Just as the economy in the glitzy city-state begins to look promising, despite a large debt burden dating back to the years when growth appeared endless, Dubai has once again set its sights on building superlatives.
“We do not anticipate the future. We build it,” Dubai’s ruler Sheikh Mohammed bin Rashid al-Maktoum, architect of its meteoric rise into a regional tourism and services hub, boasted last week as he unveiled plans to build a “city” carrying his name.
Among the attractions of the new mega plan is a mall touted to be the largest in the world, not far from what is already the world’s largest shopping and entertainment destination, the Dubai Mall.
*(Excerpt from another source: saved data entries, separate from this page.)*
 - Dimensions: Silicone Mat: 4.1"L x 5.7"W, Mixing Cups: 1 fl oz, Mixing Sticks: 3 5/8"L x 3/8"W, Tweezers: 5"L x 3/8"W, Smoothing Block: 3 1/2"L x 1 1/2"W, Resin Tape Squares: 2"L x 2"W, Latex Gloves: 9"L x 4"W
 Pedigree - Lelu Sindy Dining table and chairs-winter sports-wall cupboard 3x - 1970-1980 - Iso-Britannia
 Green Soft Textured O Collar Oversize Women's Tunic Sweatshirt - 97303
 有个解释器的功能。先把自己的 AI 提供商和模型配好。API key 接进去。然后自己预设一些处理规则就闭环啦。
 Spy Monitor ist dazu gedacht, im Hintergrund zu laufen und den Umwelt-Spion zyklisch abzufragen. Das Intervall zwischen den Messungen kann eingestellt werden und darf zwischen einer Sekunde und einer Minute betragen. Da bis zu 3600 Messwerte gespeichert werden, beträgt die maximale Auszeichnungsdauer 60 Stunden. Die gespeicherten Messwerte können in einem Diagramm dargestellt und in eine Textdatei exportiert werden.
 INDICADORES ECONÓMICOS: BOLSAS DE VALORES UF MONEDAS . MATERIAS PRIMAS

Mohammed bin Rashid City will sprawl over a large swathe of the emirate’s desert and have gardens 30 percent larger than London’s Hyde Park, in addition to 100 hotels, and a Universal Studios theme park.
No price tag was attached to the project which is to be developed by the ruler’s Dubai Holding conglomerate and Emaar, which built Burj Khalifa, the world’s tallest tower.
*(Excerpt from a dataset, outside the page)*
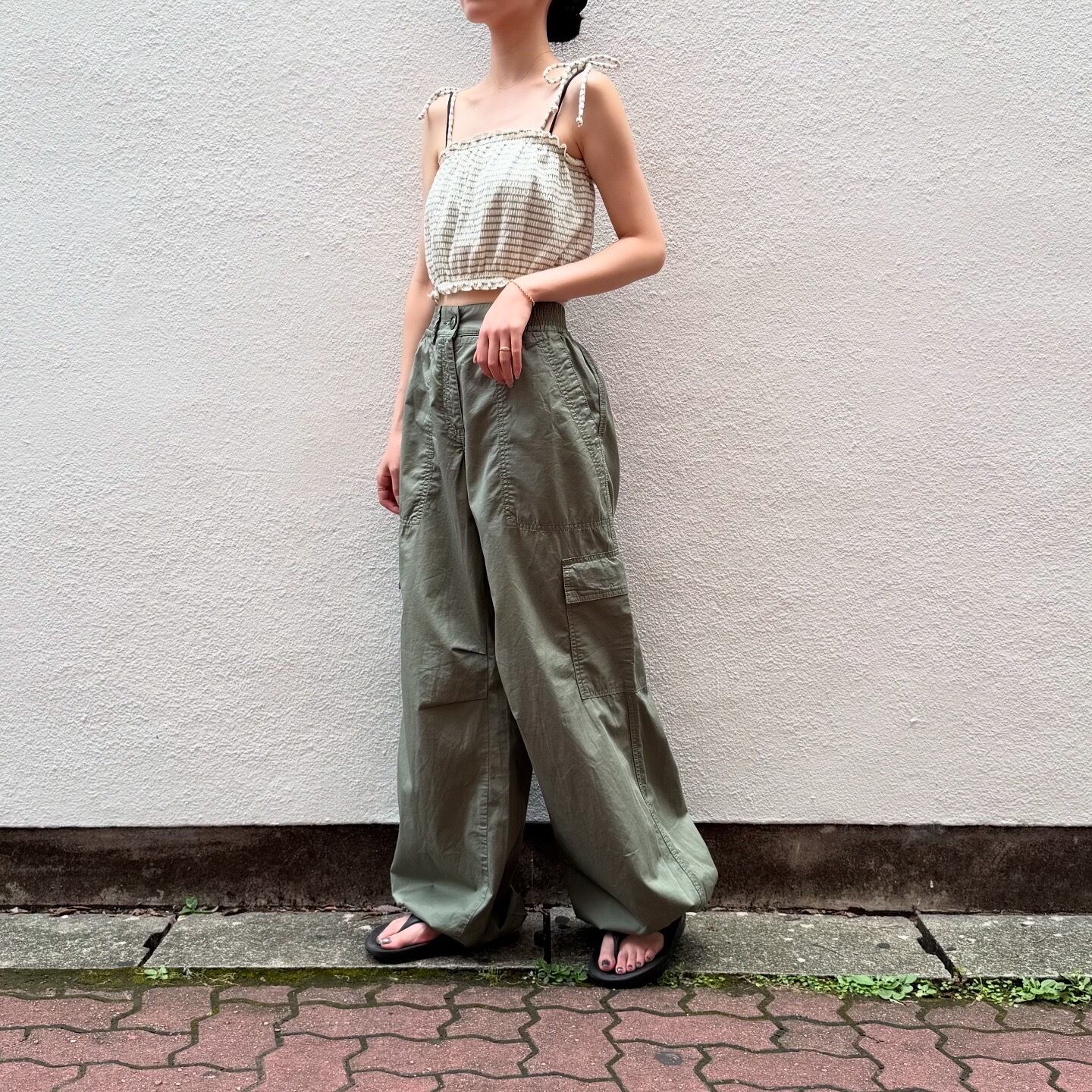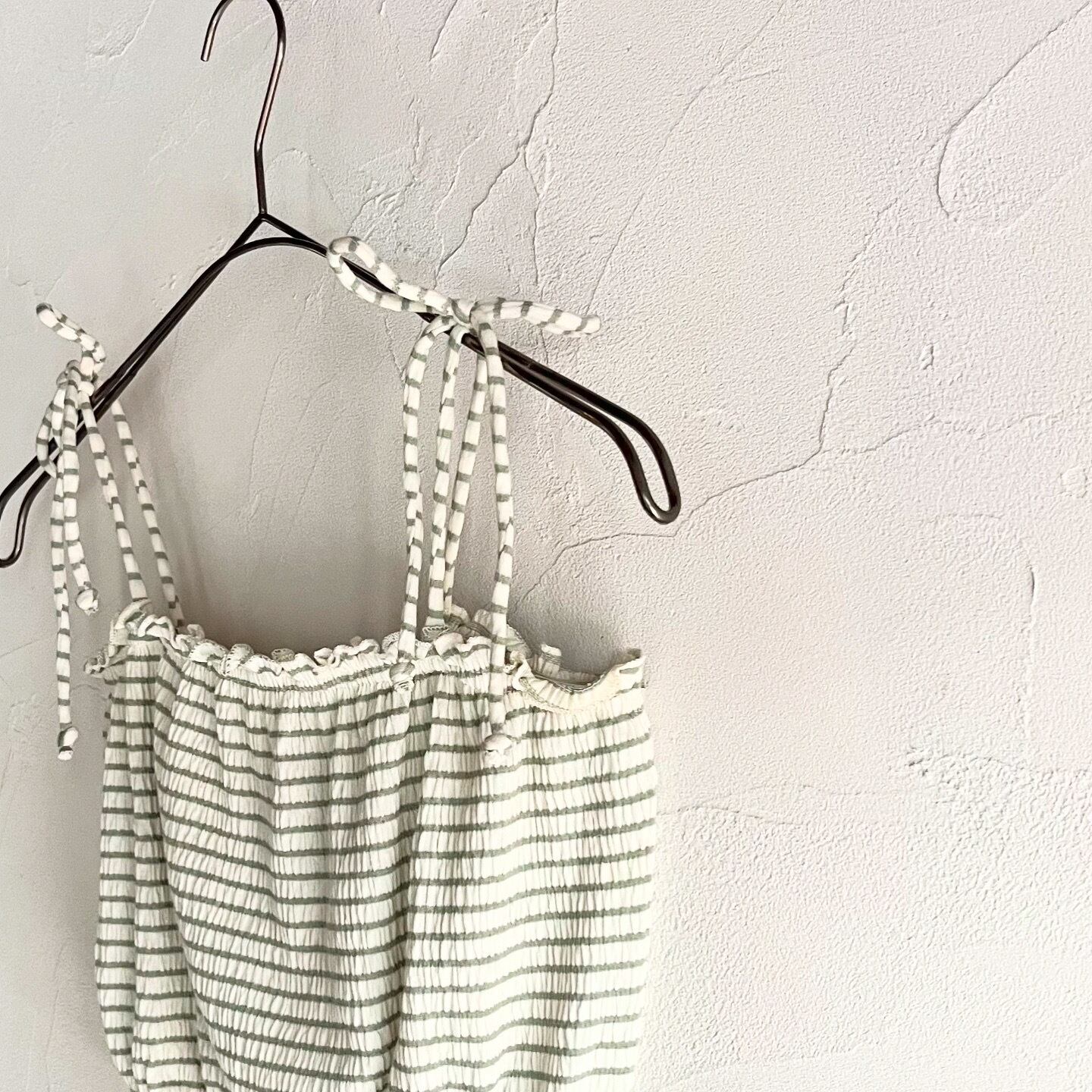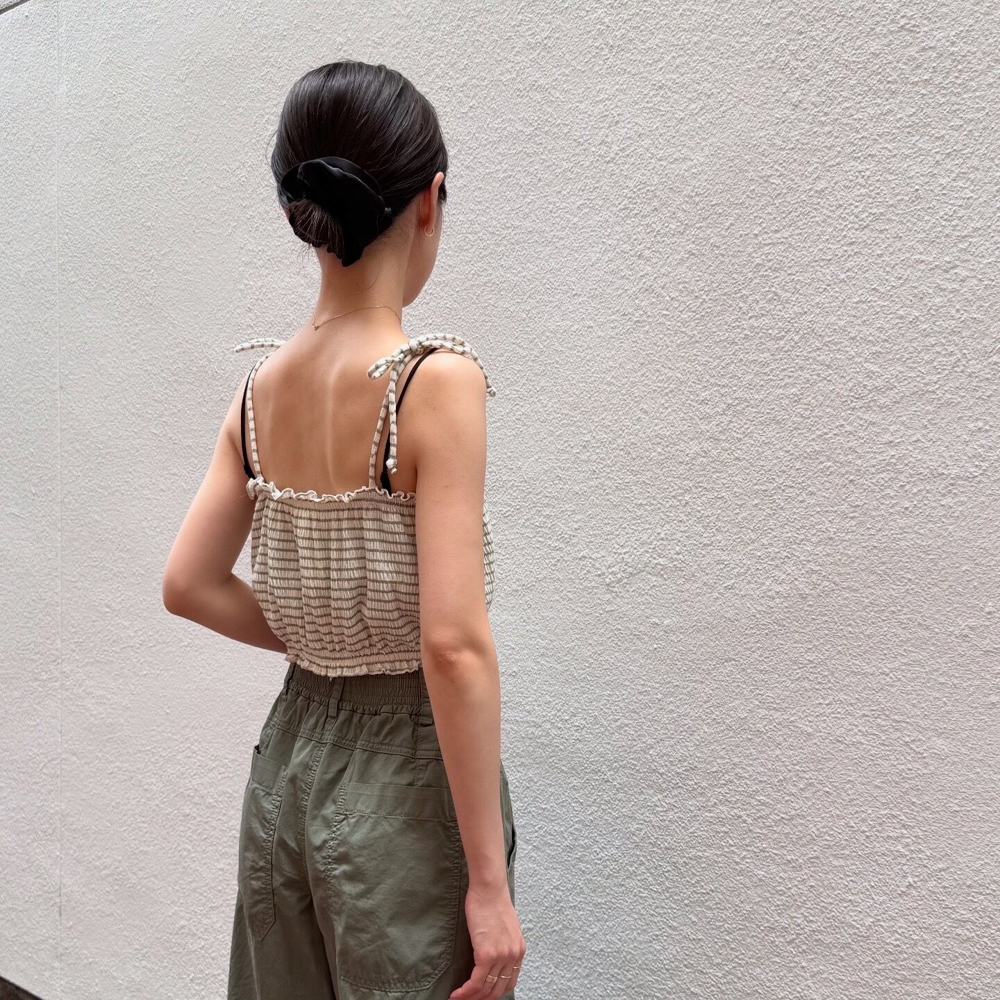 淡い配色や肩紐のリボンが夏らしいキャミソールです。

This week, Dubai also announced a Dh10bn ($2.7bn) leisure centre and theme parks.
Dubai appears keen to capitalise on its growing tourism sector which it said is expanding 13 percent a year, with hotel occupancy rate hitting 82 percent last year.
Sheikh Mohammed said the emirate must stay ahead of expanding demand and match its ambitions.
“The current facilities available in Dubai need to be scaled up in line with the future ambitions for the city,” he said, highlighting a constant rise in tourism and the business of hosting forums and exhibitions.
“A large part of these projects are linked to expanding Dubai’s capacity in core sectors with comparative advantage, such as tourism, which is positive,” said Monica Malik, chief economist at EFG-Hermes investment bank in Dubai. But the source of funding for such grandiose projects remains vague.
“We do have our own resources and way to finance... We are sure that these projects will be achieved,” the Arabian Business online magazine quoted Hani Al Hamli, Dubai Economic Council secretary general, as saying.
Beyond general assurances, Dubai continues to deal with the burden of maturing debt, after it racked $113bn in borrowings during years of extensive investments, with $9.8bn reportedly coming due next year and $3bn in 2014.
“Banks remain wary about lending to real estate developments at a time when they still have to make major provisions against non-performing real estate loans from the last development boom,” said real estate consultancy firm Jones Lang LaSalle in a statement on Thursday.
However, “the fact that these projects have long-term time lines is positive as they can be developed alongside demand, both domestically and internationally, so as not to build overcapacity,” Malik said.